Hi there. Let's get started.

This lesson is about the random forest algorithm.

Random forest is a machine learning algorithm

which produces and ensemble of decision trees.

And this ensemble as a whole is more powerful than a single decision tree.

First of all, let us understand what the bootstrap is.

Bootstrapping is an algorithm which produces replicas of

a data set by doing random sampling with replacement.

This idea is essential for the random forest algorithm.

Consider a data set, Z,

for example, with five objects.

How does bootstrapping works?

At the first step,

you pick at random an object,

for example, the object number three.

Then you repeat it and pick the object number one.

Then the object number five. And so on.

Then possibly you can pick again the object number five,

because at each iteration you pick an object at random,

and there is no correlation with the previous step.
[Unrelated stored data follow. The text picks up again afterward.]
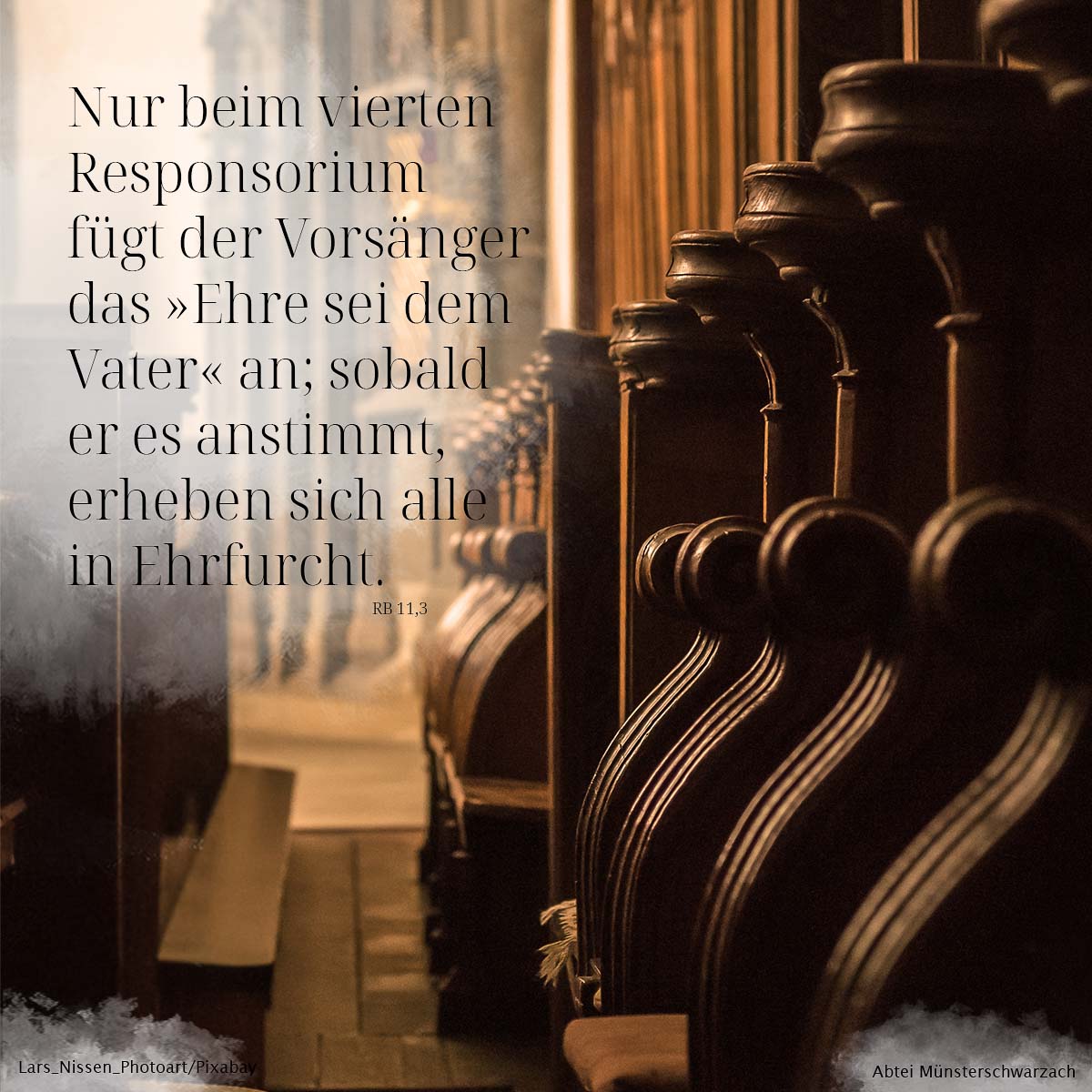 3. Nur beim vierten Responsorium fügt der Vorsänger das »Ehre sei dem Vater« an; sobald er es anstimmt, erheben sich alle in Ehrfurcht.
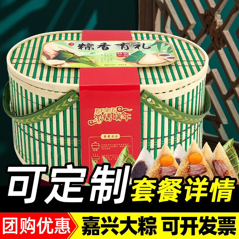 粽子竹籃禮盒裝嘉興肉粽蛋黃肉粽子蜜棗豆沙甜粽端午粽子團(tuán)購送禮
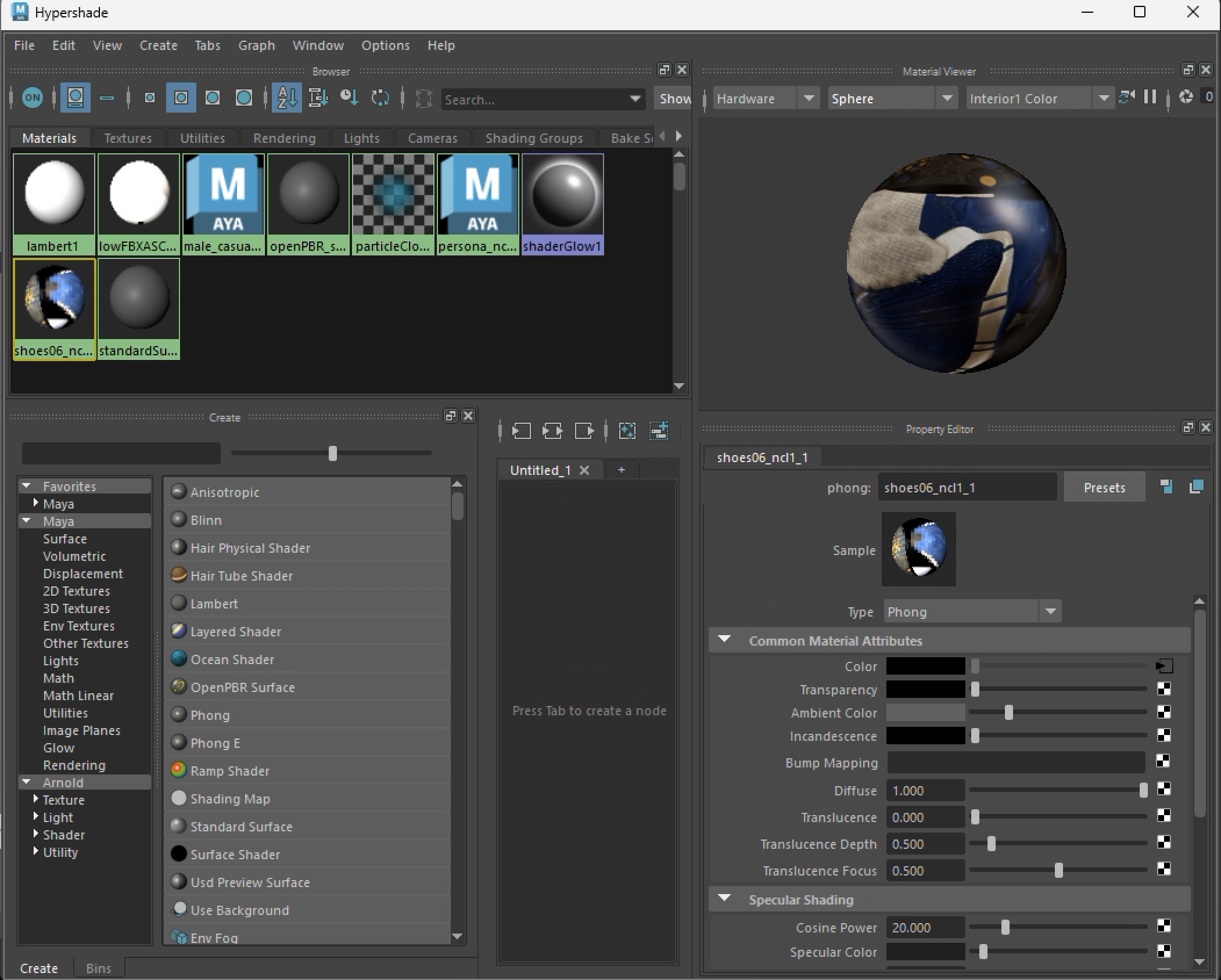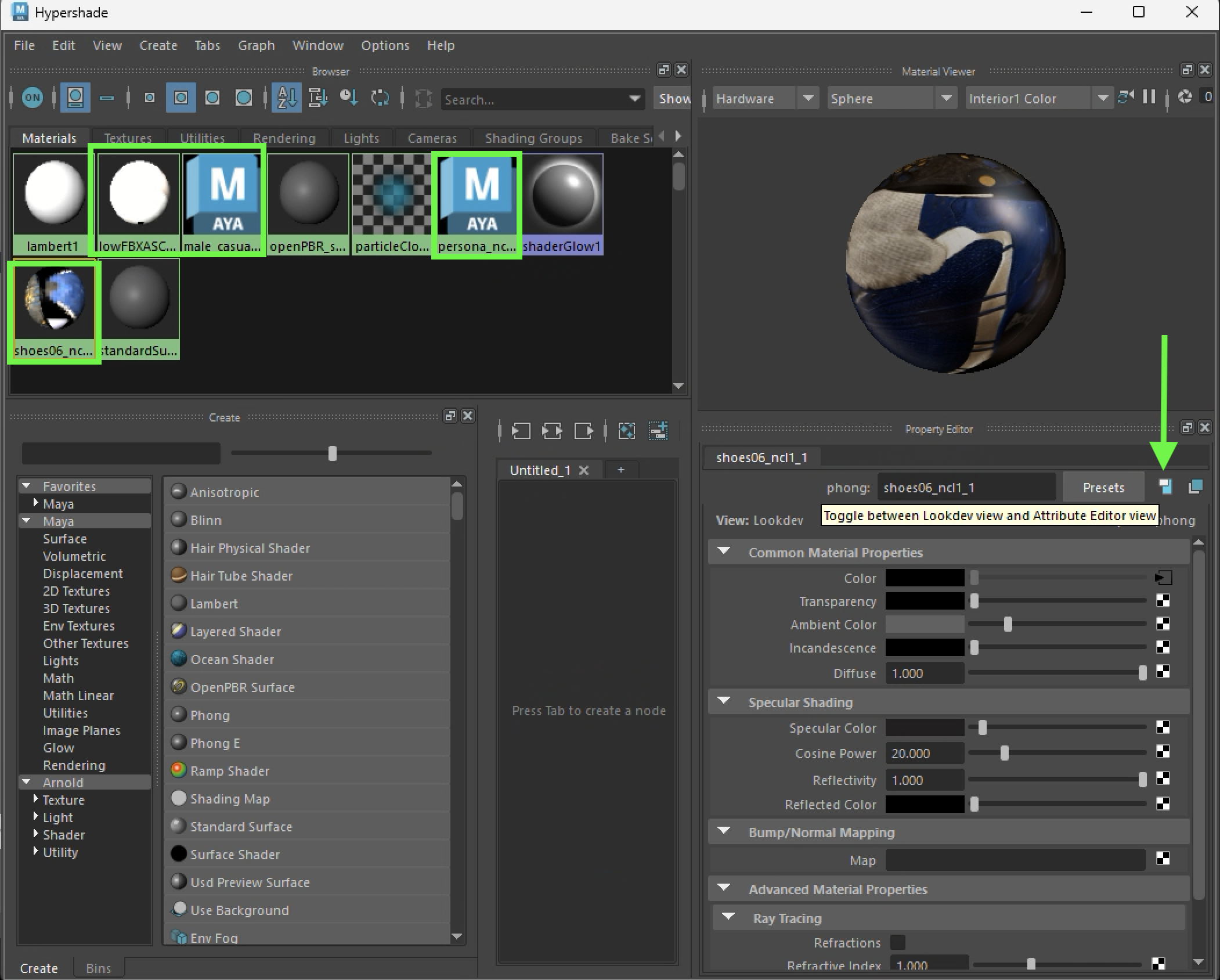 Figure 5: The Type “Phong” shader is now visible on the lower right hand side of the attribute editor.
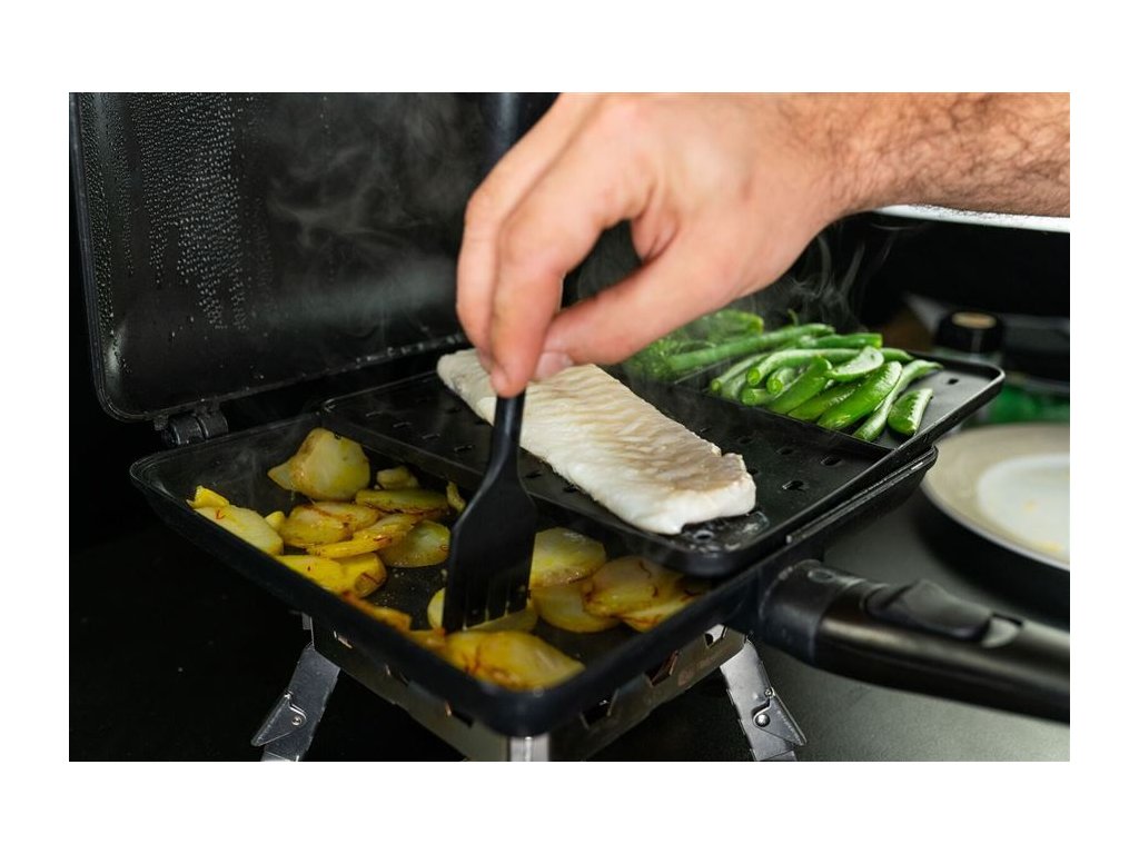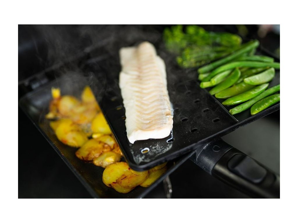 Proč používat několik různých pánví, když si můžeme uvařit celou řadu mega dobrot v jediném univerzálním balení! Díky čtyřdílné snídaňové pánvi, tradiční hluboké pánvi a napařovacímu tácu vám RidgeMonkey Combi Connect and Steamer Set nabízí nepřeberné množství různých jídelních variací a to nejen na rybách, ale i ve vaší domácí kuchyni. Díky unikátnímu designu mohou být od sebe pánve odděleny a použity zcela nezávisle na sobě. Už nikdy nebudete potřebovat jinou pánev! Samozřejmostí jsou odnímatelná držadla pánve kvůli snadnějšímu uložení, či transportu. Nově je součástí balení také napařovací tác pro přípravu pokrmů a zeleniny nad párou!_Specifikace:• Lehká hliníková litina• Fluorpolymerový nepřilnavý povrch pánví • Odnímatelné rukojeti pro snadné uskladnění a přepravu • Horní část se chová jako víko pro udržení tepla, chuti a vlhkosti• EUIPO registrovaný vzor • Vhodná na všechny druhy sporáků s výjimkou indukčních • Rozměry (bez rukojetí): 300 mm x 255 mm x 70 mm• Rozměry (bez rukojeťmi): 440 mm x 255 mm x 70 mm
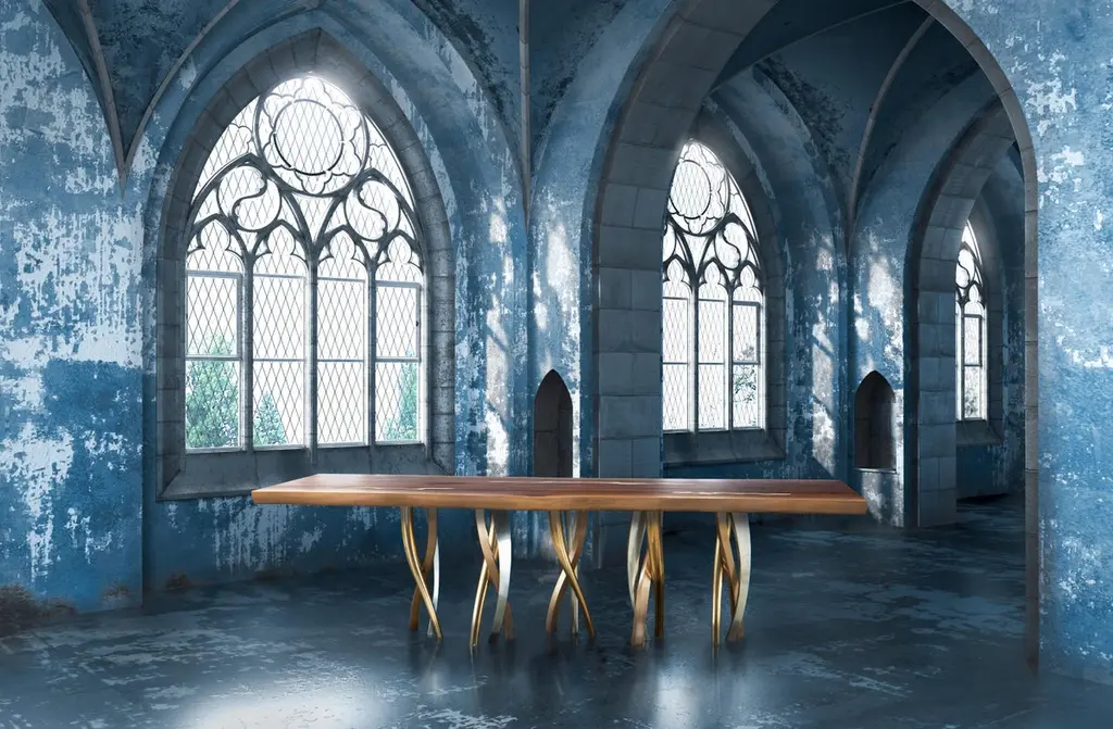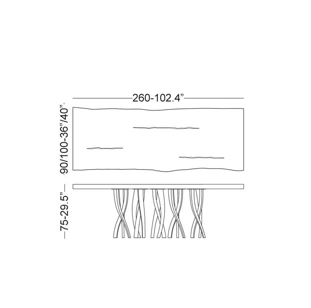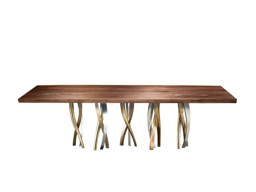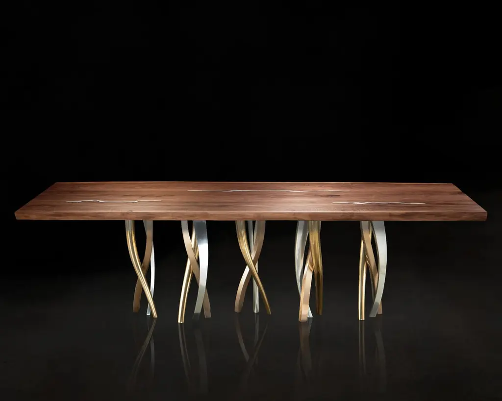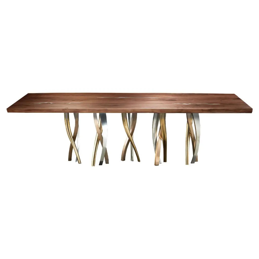 A sparkling forest of legs supports a majestic block of wood with strong, lively outlines. Il Pezzo 8 Table is a collection of colour, shape and materials you can loose yourself in. It is romantic, sinuous and light and at the same time solid, rich and imposing. The tabletop, with its organic shape, is crafted from 7 cm of thick solid walnut with beautiful nickel-plated brass inlays that add a touch of radiance to the surface. The choice of the wood grain alignment is done with great care to create flowing veins and colours throughout the top. The top is smoothed and left as natural in order to appreciate the beauty and flow of the wood. The final treatment is done with natural oil that protects the wood but at the same time lets it breathe and leaves the extraordinary feel of this beautiful natural material unchanged to the touch. Furthermore the final coat on the top is done with Nanotechnology, an organic silica-based natural treatment which makes the wood water repellent. The legs are made of sand casting, following the noblest Tuscan artisan tradition. Their shape and sheen contrast with the heaviness of the material and its special crafting process showcasing the wisdom of the master foundry workers. Each table shows the “Missing Piece” (“Pezzo Mancante” in Italian): a small brass cylinder containing a unique serial number, guarantees its authenticity and individuality. Custom sizes and finishes are also available to suit every preference.All our masterpieces are meticulously crafted in our Atelier located in Florence, Italy, from a small team of people driven by a shared passion for quality and beauty. We constantly strive to create unparalleled works of art, where each piece is a testament to our commitment tocraftsmanship and innovation.Top: live edge solid walnut with nickel inlaysBase: bronze, satin brass, nickel finishesSize: 300x100/110xH75 cm - 118"x40"/44"xH29.5"

And finally, in our two example,

you pick the object number two.

After bootstrappingexam you have a new data set.

The size of this data set is the number of elements in the original data set.

But its content, as you can see, is slightly different.

Some objects may be missing and other objects

may be present several times, more than once.

Okay. The next method is bagging.

It was the second idea essential for understanding of the random forest algorithm.

Bagging is a shorthand for bootstrap aggregation

and it is a general method for averaging predictions of other algorithms,

not decision trees, but any other algorithm in general.

Bagging works because it reduces the variance of the prediction.

Let me explain it to you.

Here is a formal definition of the bagging algorithm.

You have a training set Z which consists of pairs XI, YI.

B is a number of iterations,

and you have a machine learning method M,

which can be of any nature.

For example, decision trees,

linear regression, neural networks,

support vector machine, anything.

What do you do? You repeat capital B iterations.

At each iteration, you draw a bootstrap sample,

G star B of size N,

from the training data.

Before we have already discussed

the algorithm that allows to produce the bootstrapped replicas.

Then you apply the machine learning method to this data set, G star B.

And finally, you obtain the model.

You will denote this model by f(x) star B.

This algorithm returns an ensemble of B models.

This is how training with bagging works.

The next question is how to do predictions with this ensemble.

In case of regression,

the prediction of the whole aggregate model is

just an average of all the single models F star B.

And in case of classification,

it is a majority vote of all their predictions.

What is the majority vote?

Consider an ensemble with five models,

and if three models vote for the class number one,

and two other models vote for the class number zero,

then the majority vote will be the class number one.

Surprisingly, but the bagging algorithm really works.

In most of situations with any machine learning method in the core,

the quality of such aggregated predictions will be better than of any single prediction.

Why does bagging works?

This phenomenon is based on

a very general principle which is called the bias variance trade off.

This topic is out of scope of our short course,

but I will explain it to you informally.

You can consider the training data set to be random by itself. Why is it so?

What is the training data set?

In the real situation,

the training data set may be a user behavior in Internet,

for example, web browsing,

using search engine, doing clicks on advertisement, and so on.

Other examples of training data sets are physical measurements.

For example, temperature, locations.

date, time, and so on.

And all these measurements are essentially stochastic.

If you can repeat the same experiment in the same conditions,

the measurements actually will be different because of the noise in measurements,

and since user behavior is essentially stochastic and not exactly predictable.

Now, you understand that the training data set itself is random.

In ideal situation, you should collect as much data as

possible to reduce this noise component of the data set.

But in fact, you cannot run the same experiment in

the same situation as it is impossible to invent a time machine,

but you can do a bootstrapping.

So bootstrapping is a method for

generating very similar replicas of the original data set.

What happens here if you train

a machine learning model on the bootstrapped replicas and average them?

Then the aggregated machine learning model will be more stable.

This happens because of averaging.

After averaging, the noisy parts of machine learning model will vanish out,

whereas stable and reliable parts will remain.

The quality of the average model will be better than any single model.

Okay. The summary of this lesson,

you have learned what the bootstrap algorithm and bagging algorithm are.

Now, you can improve the quality of almost any machine learning method by doing bagging.

However, it might be very time consuming for large data sets.